▸ Records provided
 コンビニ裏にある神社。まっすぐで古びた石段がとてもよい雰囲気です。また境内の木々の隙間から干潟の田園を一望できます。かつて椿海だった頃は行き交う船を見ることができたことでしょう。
* * *
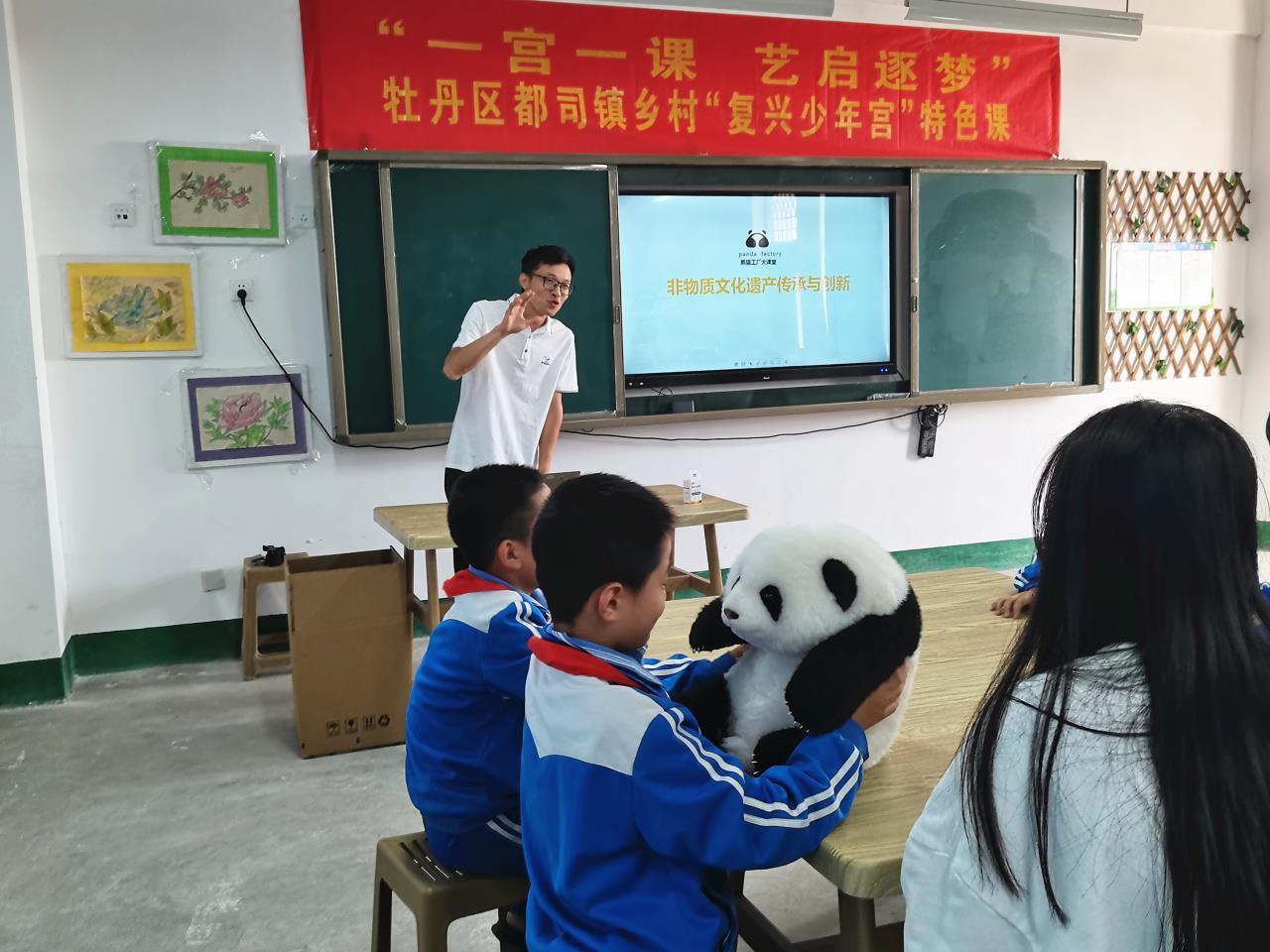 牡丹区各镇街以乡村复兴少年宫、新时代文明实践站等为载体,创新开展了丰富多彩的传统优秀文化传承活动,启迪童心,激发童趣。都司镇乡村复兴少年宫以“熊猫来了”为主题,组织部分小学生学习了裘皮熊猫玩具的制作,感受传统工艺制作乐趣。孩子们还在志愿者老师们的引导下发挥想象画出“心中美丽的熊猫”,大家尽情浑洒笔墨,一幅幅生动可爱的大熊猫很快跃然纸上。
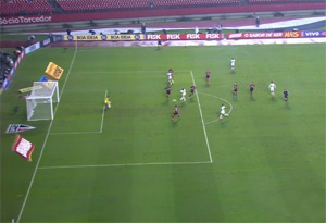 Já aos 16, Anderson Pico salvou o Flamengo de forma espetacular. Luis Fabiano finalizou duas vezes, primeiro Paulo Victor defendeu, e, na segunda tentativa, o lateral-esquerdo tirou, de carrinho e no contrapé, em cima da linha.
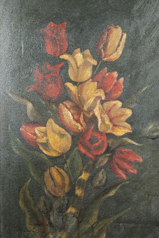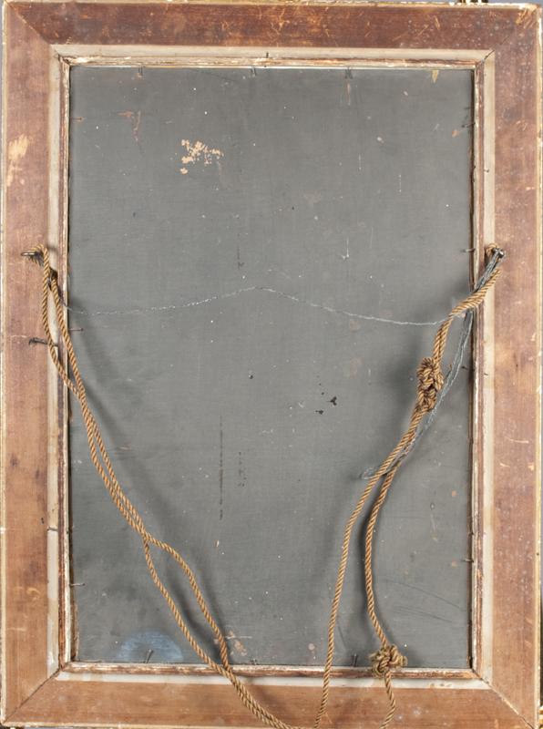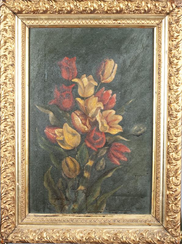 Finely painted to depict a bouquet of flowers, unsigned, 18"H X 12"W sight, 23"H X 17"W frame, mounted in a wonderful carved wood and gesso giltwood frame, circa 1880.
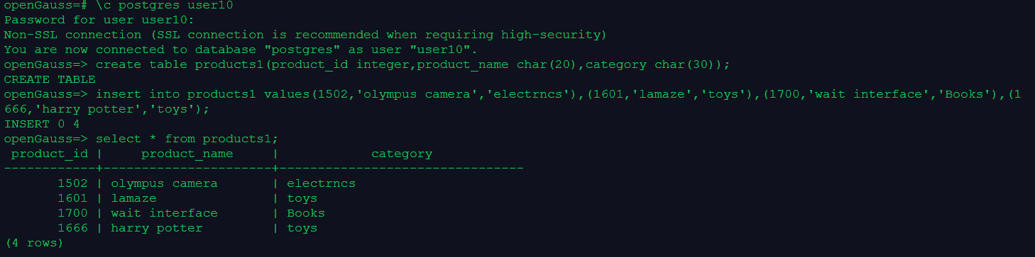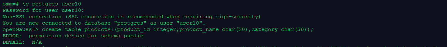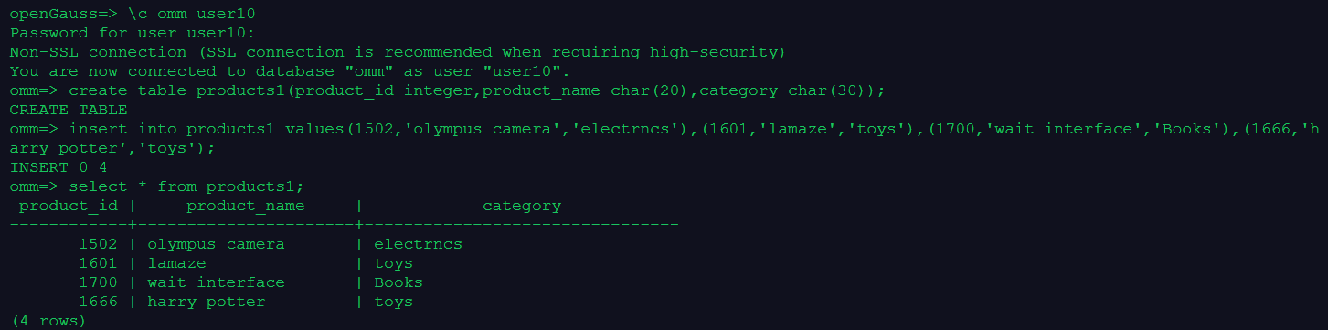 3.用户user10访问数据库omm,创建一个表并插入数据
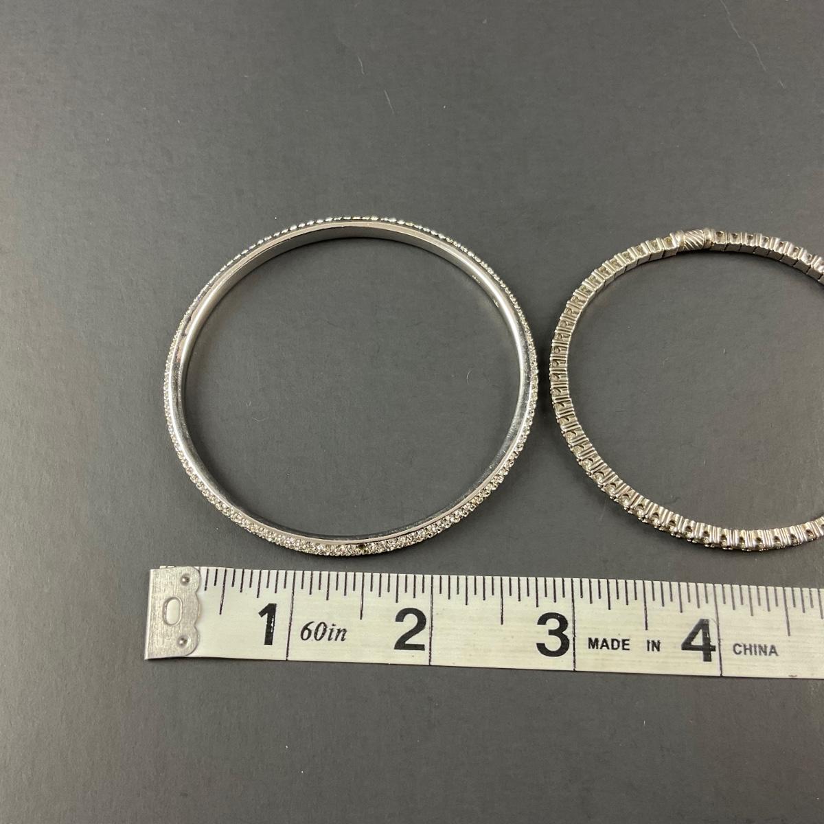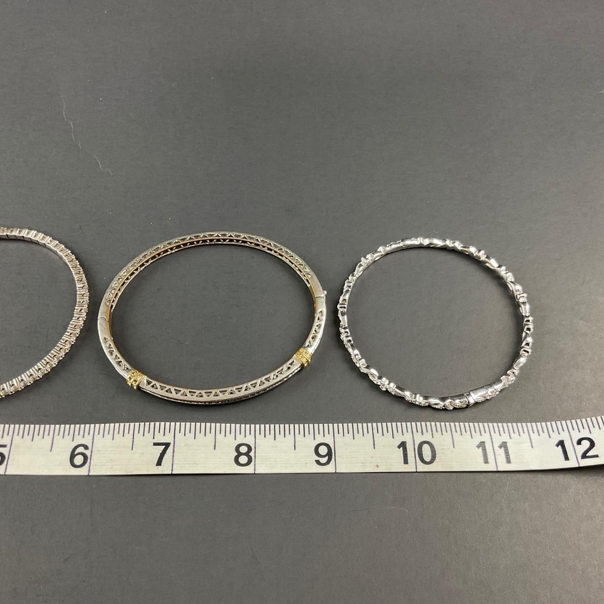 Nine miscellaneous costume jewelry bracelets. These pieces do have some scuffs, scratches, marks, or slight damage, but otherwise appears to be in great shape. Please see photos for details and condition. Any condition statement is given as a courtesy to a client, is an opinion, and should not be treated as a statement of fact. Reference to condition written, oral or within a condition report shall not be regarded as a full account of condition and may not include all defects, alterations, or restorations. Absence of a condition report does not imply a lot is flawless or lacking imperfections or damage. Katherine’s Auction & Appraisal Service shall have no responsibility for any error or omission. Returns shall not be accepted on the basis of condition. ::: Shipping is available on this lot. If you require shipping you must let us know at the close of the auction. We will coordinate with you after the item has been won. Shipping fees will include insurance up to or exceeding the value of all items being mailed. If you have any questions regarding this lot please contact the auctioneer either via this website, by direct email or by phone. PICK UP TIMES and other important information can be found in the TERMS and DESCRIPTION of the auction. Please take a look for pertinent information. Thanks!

▸ Problem description
Within the listing above, the lines from the one with "Finely painted to" through the one with "3.用户user10访问数据库omm,创建一个表并插入数据" are to be given again word for word. Do not include pictures.

▸ Output of the task
 Finely painted to depict a bouquet of flowers, unsigned, 18"H X 12"W sight, 23"H X 17"W frame, mounted in a wonderful carved wood and gesso giltwood frame, circa 1880.
 3.用户user10访问数据库omm,创建一个表并插入数据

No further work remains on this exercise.